Kierkegaard's authorship can function for its readers as a variety of textually mediated spiritual discipline. In the past two decades this way of engaging his texts has recieved increased scholarly attention. This session will provide an overview of this approach to Kierkegaard's writings and will explore his relation to historic traditions of spiritual practices and classic spiritual virtues. The implications of his work for types of contemporary spiritualty will also be considered.
Rather than arguing for any one position, this paper aims to provide a field guide to recent scholarly works on the spirituality of Søren Kierkegaard. Given the explosion of literature on the topic, the need for such a guide is acute. I outline four different categories of research currently being explored: (1) historical; (2) translational; (3) philosophical; (4) liturgical, and I cover authors such as Lee Barrett, Christopher Barnett, David Kangas, and Tekoa Robinson. In conclusion, I argue for the importance of this avenue of research in comparison to previous approaches.

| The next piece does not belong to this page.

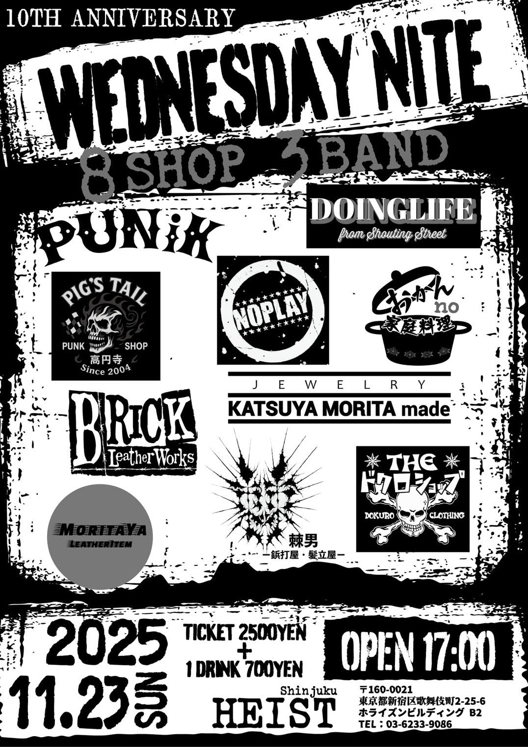 --BAND-- DOINGLIFE PUNiK NOPLAY --SHOP-- PIG'S TAIL(高円寺PUNK SHOP) THE ドクロショップ(高円寺) KATSUYA MORITA made(JEWELRY FROM富山) 守田屋(leather item) 棘男(鋲打屋・髪立屋) BRICK(Leather Works) おかんの家庭料理(FOOD) WEDNESDAY(PUNK SHOP) |

There is a fundamental tension in Kierkegaard’s account of prayer: prayer is described as both language in the most profound sense and a silent receptivity to God. Thus, this account appears inconsistent given these two descriptions. However, there is no inconsistency here insofar as prayer *as* language may foster the attention and listening constitutive of silence—and may *itself* be silent—in the relevant religious sense. This claim is developed by analyzing how Kierkegaard uses language in his own written prayers, focusing specifically on the rhetorical features of an understudied sequence of prayers from 1846. These rhetorical features suggest that *true* Kierkegaardian prayer may also be *spoken* prayer insofar as prayer *qua* language places the pray-er in a situation in which their self is continually echoed back by God’s communicative silence in a dynamic of mutual address that unifies the self *through* speech spoken out of faith and obedience.
I explore the tension between Kierkegaard’s commitment to the absolute difference between God and humans and the emphasis on equality found in the story of the king and the maiden in Philosophical Fragments. I present Kierkegaard’s argument for why our love for God would make us embrace humility, and I point out that the same logic would call for God to humble Godself, which is affirmed in the pseudonymous story. But this raises the question of whether the absolute God-human difference would not frustrate God’s project of love with us, and I propose a way to hold onto both strands. In this scheme, the two spiritual practices geared toward remembering our finitude and receiving divine self-abasement, respectively, become appropriate. I finish by arguing that, to maintain this paradox, it would be helpful to conceptualize God as someone who takes ultimate responsibility for all the evils in the world.